Dataset entries
-.-.-
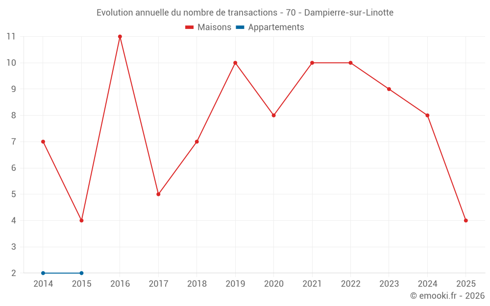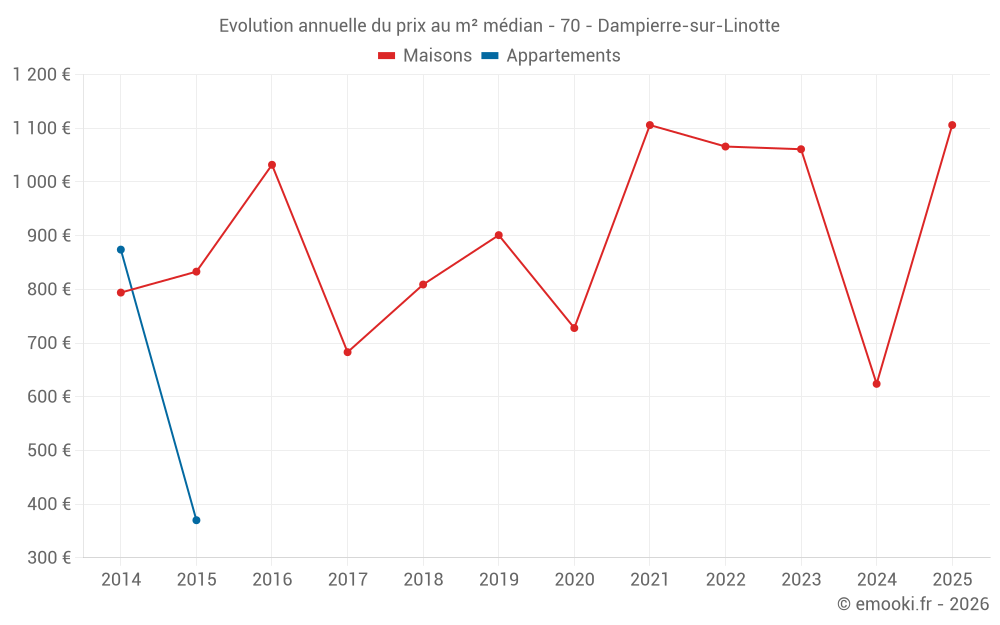 Le prix médian sur les 15 transactions de maisons des 24 derniers mois dans la commune de Dampierre-sur-Linotte était de 833 € par mètre carré pour une valeur foncière médiane de 69 000 €. Sur cette période 60% des transactions se sont situées entre 428 et 1 332 € par mètre carré (du 2ème au 8ème déciles).
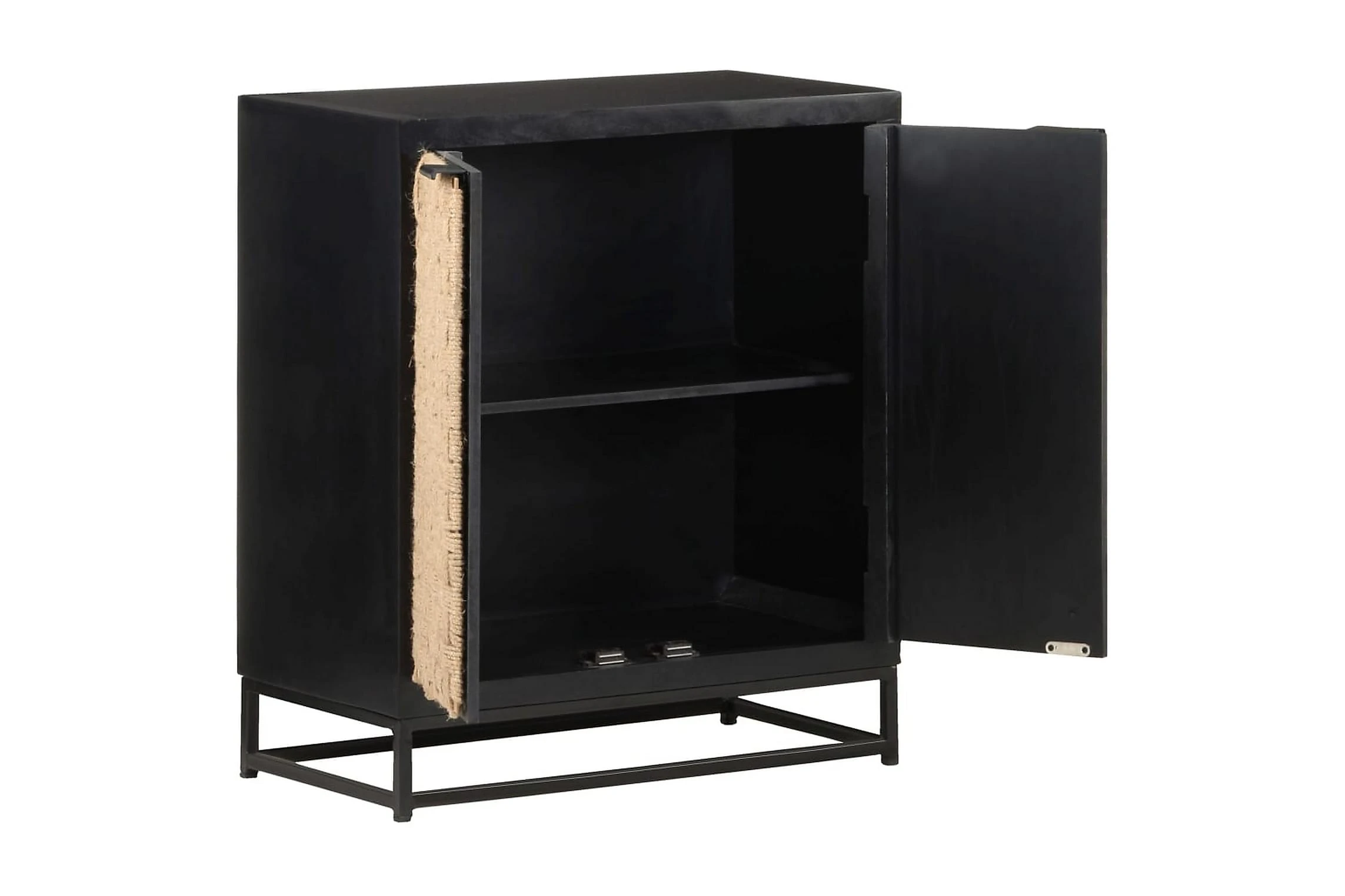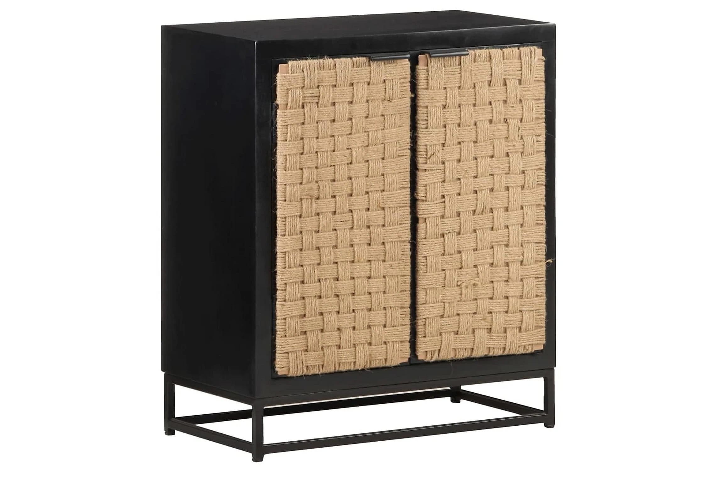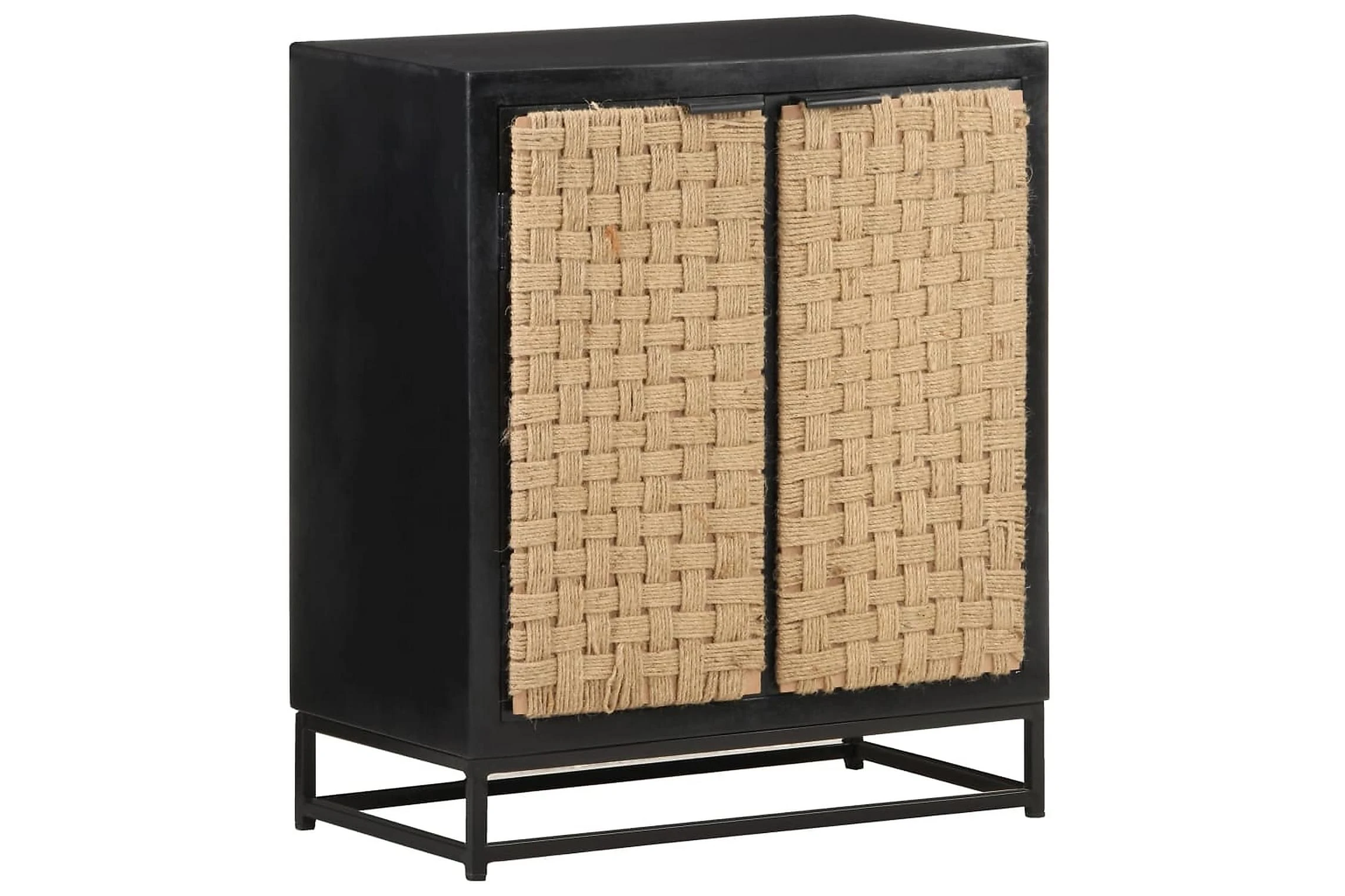- Material: Massivt mangoträ med svart yta, järn med svart pulverlackering, jute
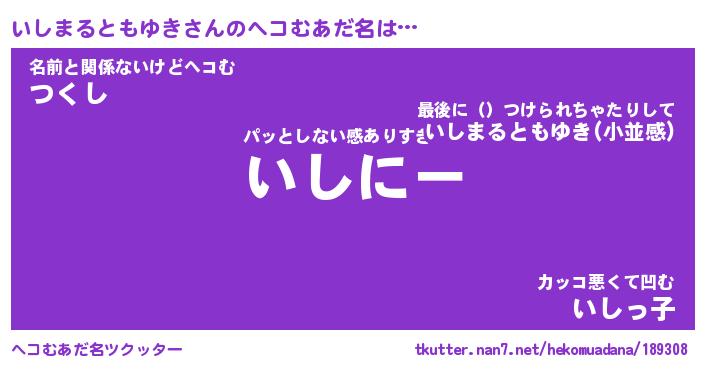 | ポケモン風あだ名 | 『イシチュウ』『イシマダネ』 |
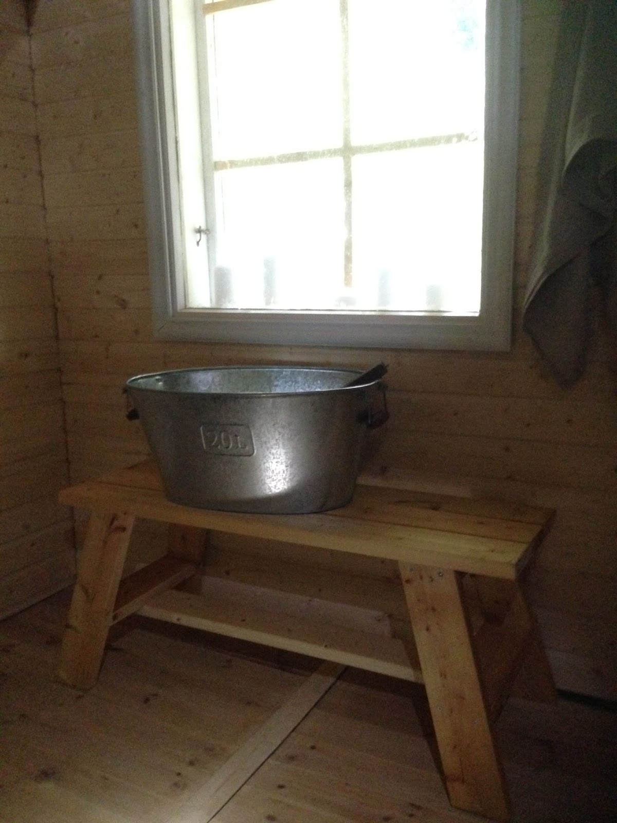 Saunaan kaivattiin kipeästi pesupenkkiä. Edellinen siirtyi kasvihuonetta koristamaan. Tähän ei tarvittu kuin sadepäivä, jämälautaa, luovuutta ja pellavaöljyä. Hyvin hieno ja käytännöllinen <3
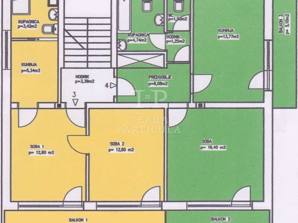 Stan oznake "S-04" na katu, koji se sastoji od predsoblja, hodnika, wc-a, kuhinje, kupaone, sobe, tlocrtne površine 43,74 m², i pripadaka: balkona 2 tlocrtne površine 4,82 m², balkon 3 tlocrtne površine 4,82 m², spremišta u suterenu tlocrtne površine 24,92 m², terase nad spremištem tlocrtne površine 32,01 m², potkrovlje 1 tlocrtne površine 54,41 m², potkrovlje 2 tlocrtne površine 18,60 m², potkrovlje 3, tlocrtne površine 10,75 m², potkrovlje 4, tlocrtne površine 3,58 m², balkona 1, tlocrtne površine 3,04 m² i balkona 2, tlocrtne površine 2,99 m² sveukupne korisne vrijednosti 153,44 m², sve označeno u etažnom elaboratu zelenom bojom.
-.-.-
## The task
Each line of the records above must be repeated exactly, but no picture belongs in the copy.

## Output of the exercise
 Le prix médian sur les 15 transactions de maisons des 24 derniers mois dans la commune de Dampierre-sur-Linotte était de 833 € par mètre carré pour une valeur foncière médiane de 69 000 €. Sur cette période 60% des transactions se sont situées entre 428 et 1 332 € par mètre carré (du 2ème au 8ème déciles).
- Material: Massivt mangoträ med svart yta, järn med svart pulverlackering, jute
 | ポケモン風あだ名 | 『イシチュウ』『イシマダネ』 |
 Saunaan kaivattiin kipeästi pesupenkkiä. Edellinen siirtyi kasvihuonetta koristamaan. Tähän ei tarvittu kuin sadepäivä, jämälautaa, luovuutta ja pellavaöljyä. Hyvin hieno ja käytännöllinen <3
 Stan oznake "S-04" na katu, koji se sastoji od predsoblja, hodnika, wc-a, kuhinje, kupaone, sobe, tlocrtne površine 43,74 m², i pripadaka: balkona 2 tlocrtne površine 4,82 m², balkon 3 tlocrtne površine 4,82 m², spremišta u suterenu tlocrtne površine 24,92 m², terase nad spremištem tlocrtne površine 32,01 m², potkrovlje 1 tlocrtne površine 54,41 m², potkrovlje 2 tlocrtne površine 18,60 m², potkrovlje 3, tlocrtne površine 10,75 m², potkrovlje 4, tlocrtne površine 3,58 m², balkona 1, tlocrtne površine 3,04 m² i balkona 2, tlocrtne površine 2,99 m² sveukupne korisne vrijednosti 153,44 m², sve označeno u etažnom elaboratu zelenom bojom.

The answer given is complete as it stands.